Several risk factors for cardiovascular disease are well-known and commonly tested in routine checkups: blood pressure, cholesterol levels and body mass index, to name a few.
But up to one in five Americans has dangerous levels of the relatively unknown fatty acid lipoprotein(a) in their blood, according to The New York Times. Excessive lp(a) can accelerate formation of plaque in the arteries and promote blood clots.
“It’s sort of a double whammy,” Donald Lloyd-Jones, MD, a cardiologist at the Northwestern University Feinberg School of Medicine, told The Times. “Biologically, lp(a) both gets into the artery wall and causes damage there more easily.”
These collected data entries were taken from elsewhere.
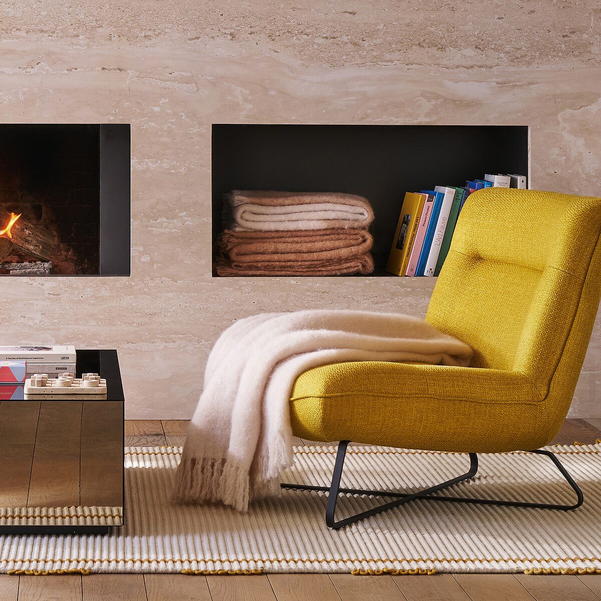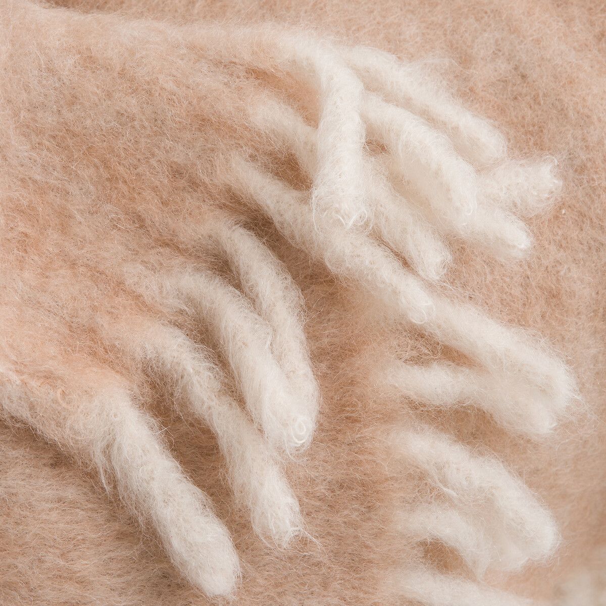 Плед Tzara из шерсти и полиамида светло-каштанового цвета и экрю. Тонкая ткань, теплая и комфортная. Изготовлен в Испании.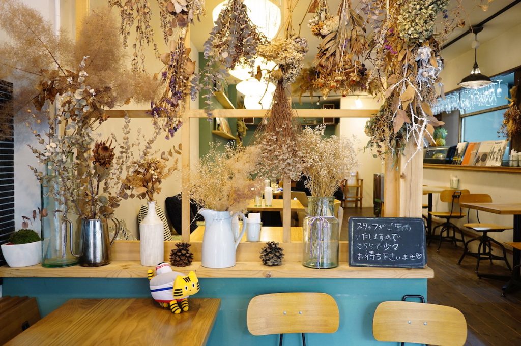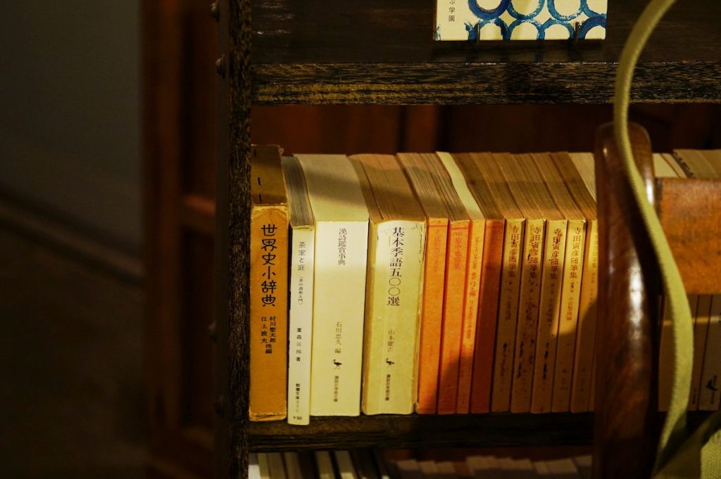 古い木製のテーブルや椅子、そして飾り棚の上には温かみのあるオブジェの数々。これらの骨董品や書物は花人であるオーナーがセレクトしたもので、店内にディスプレイされたアイテムは商品として購入できます。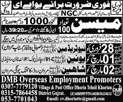 DMB Overseas Employment Promoters Abu Dhabi, sharjah UAE invites applications from eligible candidates for the post of mason as per advertisement of February 25, 2023 published in daily Express Newspaper. Middle and Matric etc. educational qualification will be preferred.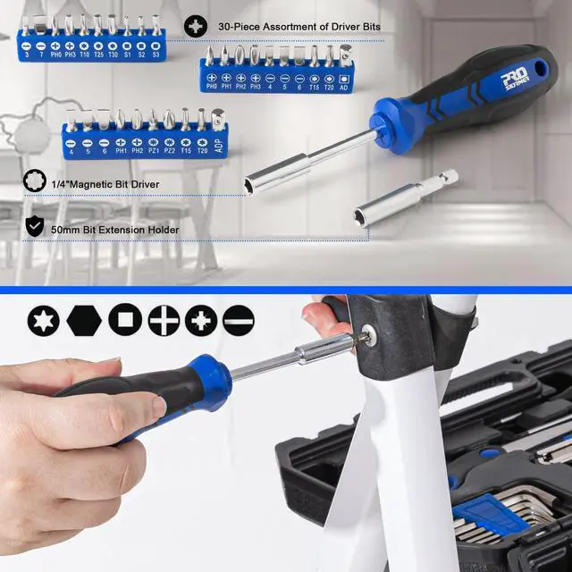 Prostormer 160-piece tools kit contains all the basic but necessary tools you will need around your home to assemble furniture, install hang picture frame, diy some interesting items, repair simple home appliance, and a lot more. These tools are made from durable carbon steel with corrosion-resistant satin chrome finish to provide durability and extended tool life. It is great starter tool kit to have at home, garage, workshop, office, dormitory. This tool set is also a wonderful gift choice for family member, friends, partners, etc.

The newspaper told the story of Bob Harper, known for whipping contestants into shape on “The Biggest Loser.” This fitness trainer suffered a heart attack last February and was found to have high levels of the particle in his blood.
Another apparently healthy adult, 39-year-old Sandra Revill Tremulis, was considered to have a 1 percent risk of heart attack in her 40s based on the Framingham risk score. But when she became extremely fatigued during workouts she went to see a cardiologist, who found she had a 95 percent blockage in one of her coronary arteries. Like Harper, she had high lp(a), possibly inherited from her father, who died of a heart attack at age 50.
According to The Times, diet and exercise have little impact on lp(a), which can triple the risk of having a heart attack or stroke at an early age.
“People don’t know about it, physicians don’t know about it, and we have to get an education program out there, but that’s expensive,” said Henry N. Ginsberg, MD, a professor of medicine at Columbia University. “I would say that somewhere between 15 to 20 percent of the population would clearly benefit from knowing that this is their problem.”